風紀委員会が、柴大将の対応に狼狽したのだ。
「お、お店を閉めるんですか……!? また再建できるんですよ!?」
「まあ、色々あんのさ、アビドスは。だからお嬢さん達も気にすんなよ。いずれ起きたことだ──むしろこんな大金貰っちまって悪いな」
「…………」
柴大将の慰めるような言葉に、アコたちは沈痛な面持ちになった。
ようやく、自分たちの行いを本当の意味で実感したのかもしれない。
時期が早まっただけ──と柴大将は言うが、それは裏を返せば時期を早めてしまったとも言えるのだ。
まだもう少し、お店が続いていたかもしれないのに。
自分たちの事情があった、学校のための行動だったとは言え、それでもこうして目に見えた形の被害を聞くと、気にせずにはいられない。
それが人間だ。
その感情があるだけで、彼女たちはまだ真っ当と言えるのかもしれない。
被害を気にしないようになってしまえば、俺のような人間になってしまう。
「……柴大将」
「なんだい、先生。改まって」
故に、俺は言おう。
彼女たちに反省の意思があり、そして過去の行いを悔やむ感情があるのならば──俺は少しだけ、その支えになるべきだ。
俺の私情も、勿論あるが。
「俺は、今度こそ貴方の店で酒を呑めることを、楽しみにしている」
「…………」
大将の返事はない。
だが──返事を待つ必要もないだろう。
俺が椅子から立ち上がり病室の扉に向かえば、アコが忙しなく目配せをして何かを主張していた。

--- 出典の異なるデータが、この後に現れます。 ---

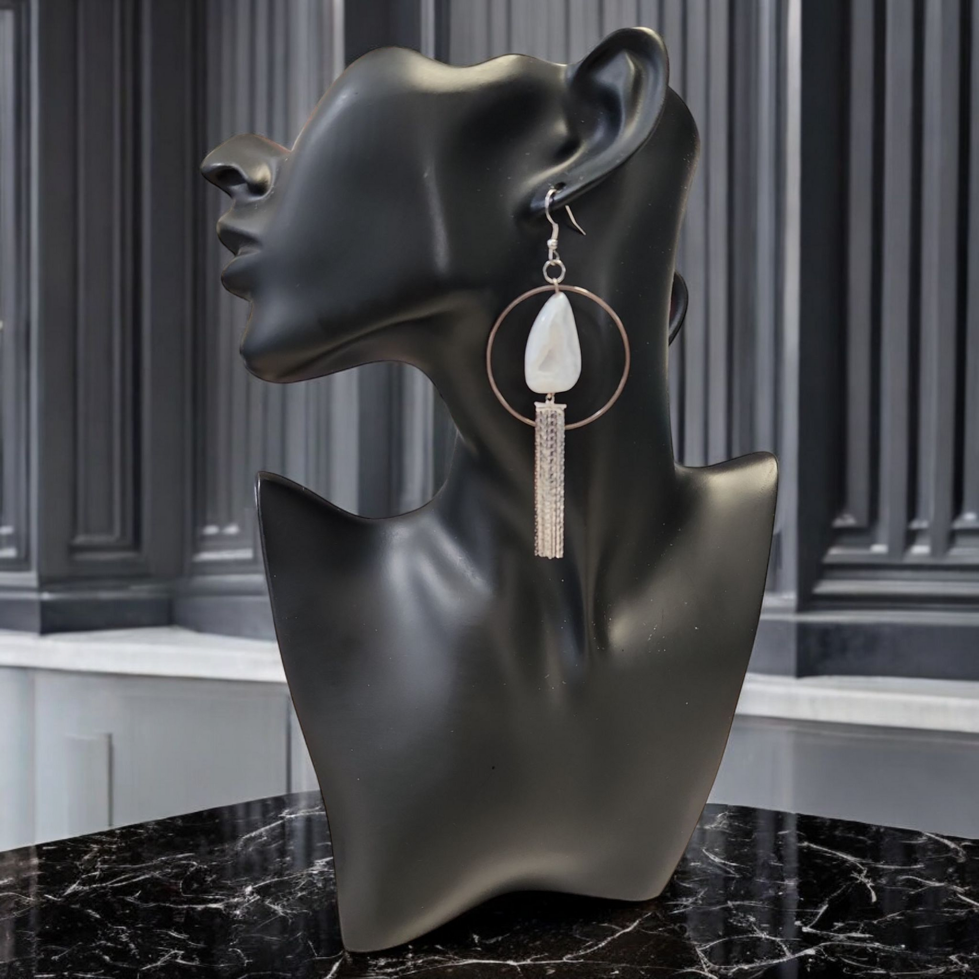 Complete your boho-chic look with our Divine Blue Lace Agate Fringe Earrings. The beautiful blue agate stones paired with delicate fringe detailing add a touch of elegance to any outfit. Handcrafted for a unique and stylish addition to your jewelry collection. Embrace your inner free spirit with these stunning earrings. Please note; Blue Lace Agate stone shapes and sizes vary due to them being natural stones.

…………ああ、恐らくこんな状況で置いて行くなと言いたいのか。
アコの主張は正しい。被害者と加害者が、第三者を挟まずに会話するなど、何か問題が起きてもおかしくはないだろうが……そこは柴大将との約束だ。破るつもりはない。
そろそろアヤネが教室に戻ってくる頃だろうし、何よりそれまでに終わらせなければならない用事もまだ残っているのだ。
俺はアコの心理的抵抗を無視する形で病室を出ようとして──立ち止まった。
ずっと言いたかったこと、言わなければならないことを思い出したのだ。
「…………?」
唐突に止まった俺の姿を見て、全員が不思議そうに俺を見ている。
言うタイミングはここしかあるまい。
「……ああ、それと」
振り返って、俺は言う。
「アコ。パーティ用のドレスならともかく、普段着で肌を晒す場所は考える事だ。風邪を引く」
「ん゛ふっ」
「なっ……!?」
「ではな、大将」
「ちょっ、待──!?」
後ろ手に扉を閉めて、一斉に騒がしくなった病室を背に(どうやらイオリがアコを押さえてくれているらしい)、俺は歩き出す。
色々あったが、アコへの個人的な仕返しはこれで十分だろう、と納得させながら。
「……さて」
昨日、というか早朝に連絡しようと思った相手に、連絡をしなくてはならない。
やらなければならないこと──やるべきことをやるために。
久しぶりの連絡に、果たして出てくれるだろうかという不安はあったものの、十のコール音の後、通信が切れる寸前で彼女は出た。
『はい、七神リンです。お久しぶりですね、ウォルター先生』
冷徹とも言えるような──冷静な声で。
「ああ。早速で悪いが、リン。メニから書類は受け取っているか」
『ええと……ああ、はい。……これがどうかしましたか?』
俺は彼女に話す前にもう一度考える。
この作戦の意味を。
万が一の作戦を計画し、決行した場合のリスクを。
ともすれば──対策委員会全員からの信用を失う可能性を考慮した、最低の作戦を。